**Data block**
────────────────

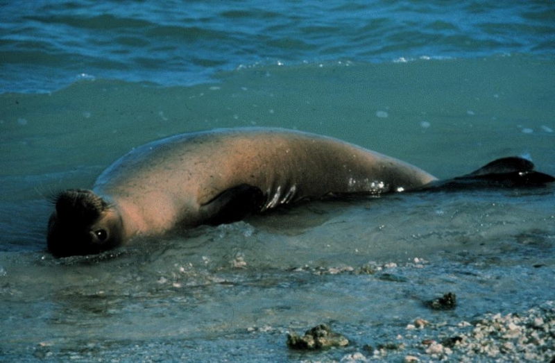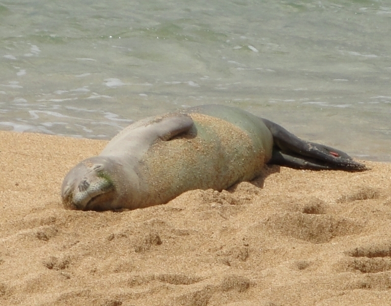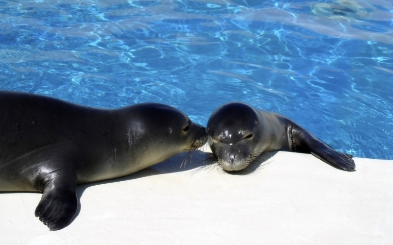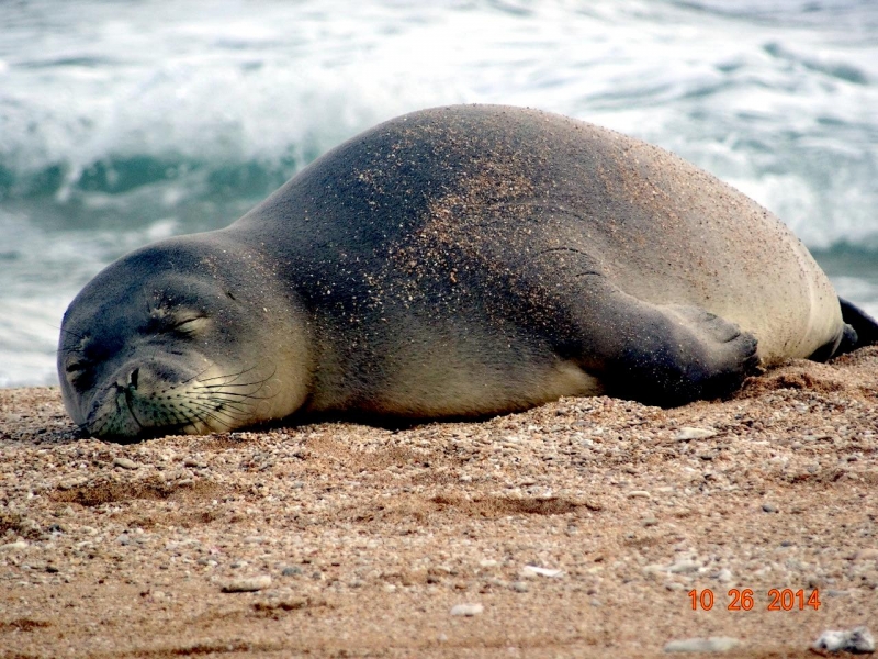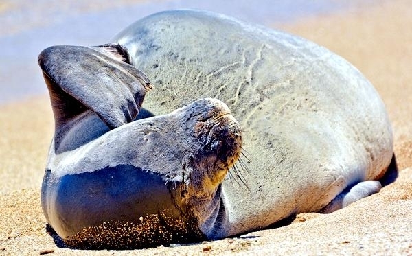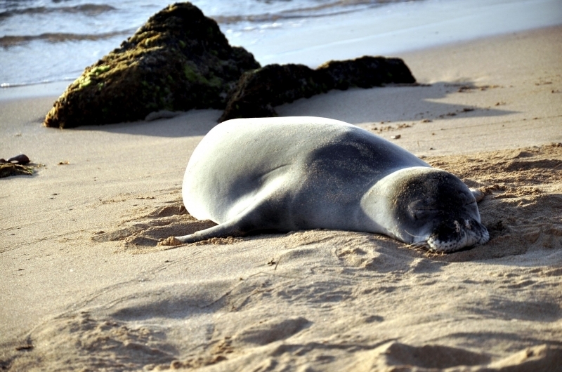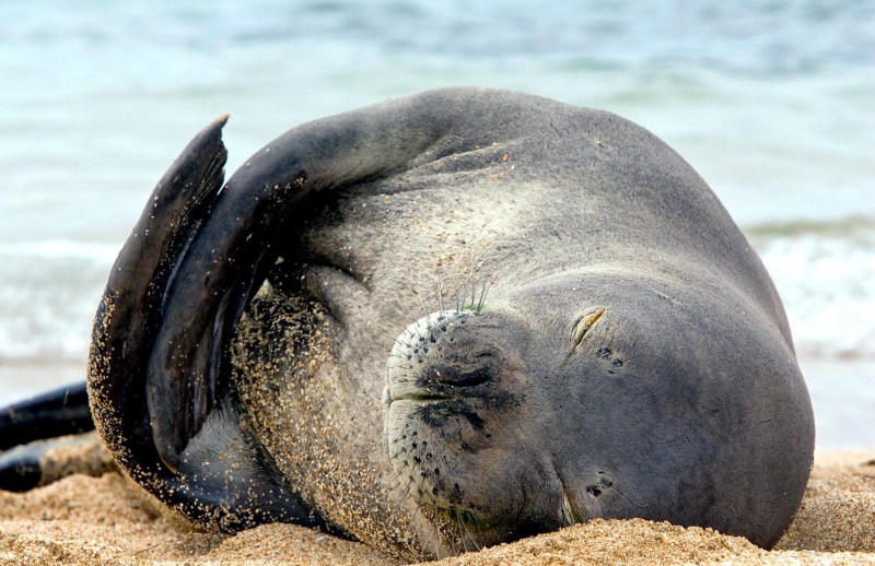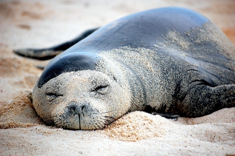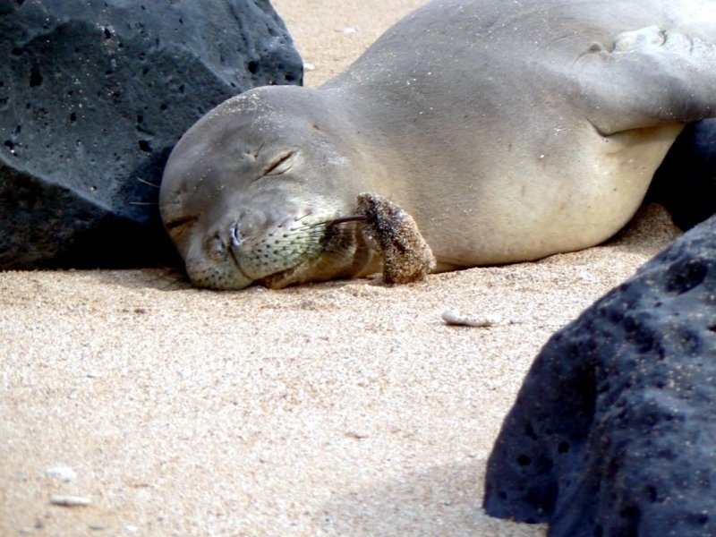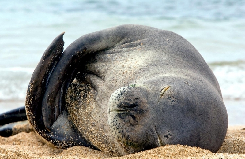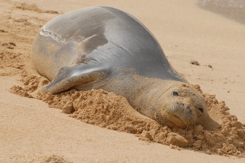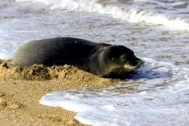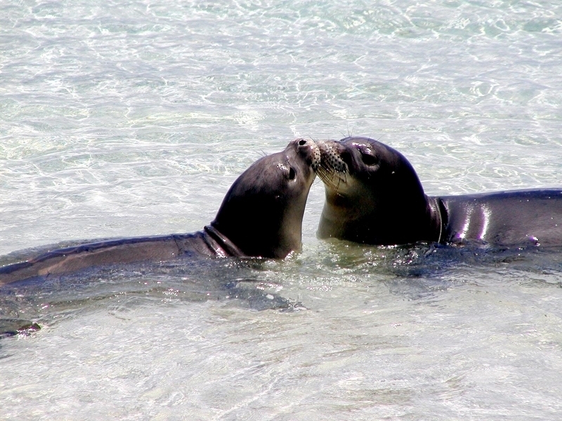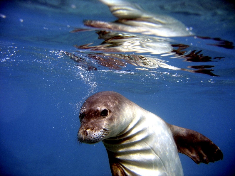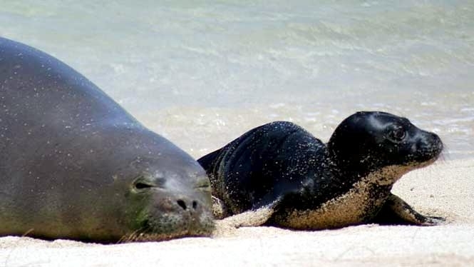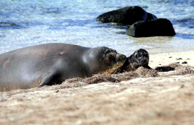 They feed on fish such as eels and flatfish as well as octopus and lobster. They are often found feeding on the slopes of coral reefs at depths of up to 75-90 meters for an average of 20 minutes. The maximum dive recorded for a Hawaiian Monk Seal is 500 meters. Hawaiian Monk Seals have a slow reproductive rate compared to other seal species. Females do not give birth until between 5-10 years of age. Breeding season lasts from February to July on breeding grounds near protected beaches with very shallow water next to the shoreline. Newborn pups measure about 1 meter in length and weigh about 11-15 kilograms. They’re born with a black coat which is molted 5-6 weeks after birth and replaced by the adult coat of light gray-brown. Mothers nurse their pups for 6-7 weeks after birth, during which time they do not feed usually losing an average of 90 kilograms. Females have been known to adopt pups and sometimes nurse pups exchanged between mothers. After weaning, the mother leaves to feed and the pup lives off its reserves until it is ready to leave the breeding site and learn to hunt. The mating ritual of Hawaiian Monk Seal is rarely witnessed because it takes place at sea. Adult males have been seen “mobbing”, an aggressive behavior where one or more males attempt to mate with immature seals of both sexes, often injuring or killing them. This behavior is likely due to the disparity between the number of males to females in Hawaiian Monk Seal populations as it seems to occur where there are more males than females.
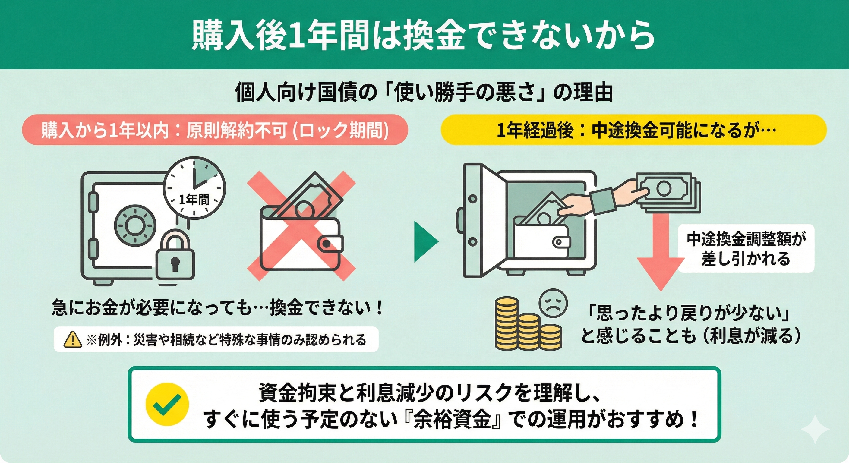 個人向け国債は購入から1年間、原則として解約できません。 この「ロック期間」の存在が、使い勝手の悪さにつながっています。
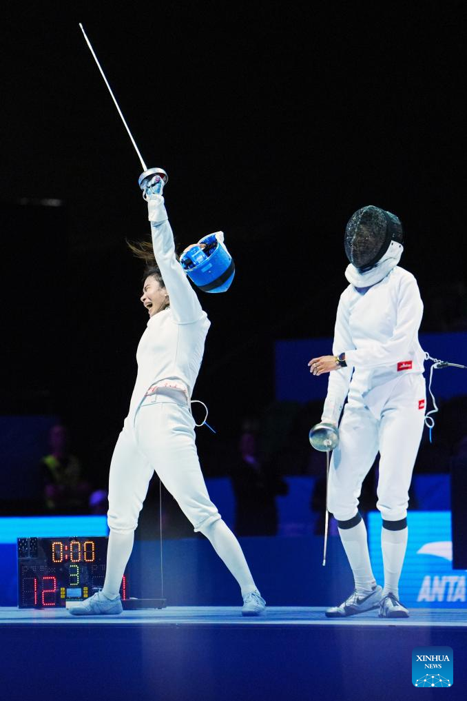 Lin Sheng (L) of Fujian celebrates after defeating Wu Caiyao of Guangdong during the women's epee individual final of fencing at China's 15th National Games in Hong Kong, south China, Nov. 15, 2025. (Xinhua/Zhu Wei)

────────────────

**Exercise**
Copy the listing above exactly, minus the pictures.

**Output of the exercise**
 They feed on fish such as eels and flatfish as well as octopus and lobster. They are often found feeding on the slopes of coral reefs at depths of up to 75-90 meters for an average of 20 minutes. The maximum dive recorded for a Hawaiian Monk Seal is 500 meters. Hawaiian Monk Seals have a slow reproductive rate compared to other seal species. Females do not give birth until between 5-10 years of age. Breeding season lasts from February to July on breeding grounds near protected beaches with very shallow water next to the shoreline. Newborn pups measure about 1 meter in length and weigh about 11-15 kilograms. They’re born with a black coat which is molted 5-6 weeks after birth and replaced by the adult coat of light gray-brown. Mothers nurse their pups for 6-7 weeks after birth, during which time they do not feed usually losing an average of 90 kilograms. Females have been known to adopt pups and sometimes nurse pups exchanged between mothers. After weaning, the mother leaves to feed and the pup lives off its reserves until it is ready to leave the breeding site and learn to hunt. The mating ritual of Hawaiian Monk Seal is rarely witnessed because it takes place at sea. Adult males have been seen “mobbing”, an aggressive behavior where one or more males attempt to mate with immature seals of both sexes, often injuring or killing them. This behavior is likely due to the disparity between the number of males to females in Hawaiian Monk Seal populations as it seems to occur where there are more males than females.
 個人向け国債は購入から1年間、原則として解約できません。 この「ロック期間」の存在が、使い勝手の悪さにつながっています。
 Lin Sheng (L) of Fujian celebrates after defeating Wu Caiyao of Guangdong during the women's epee individual final of fencing at China's 15th National Games in Hong Kong, south China, Nov. 15, 2025. (Xinhua/Zhu Wei)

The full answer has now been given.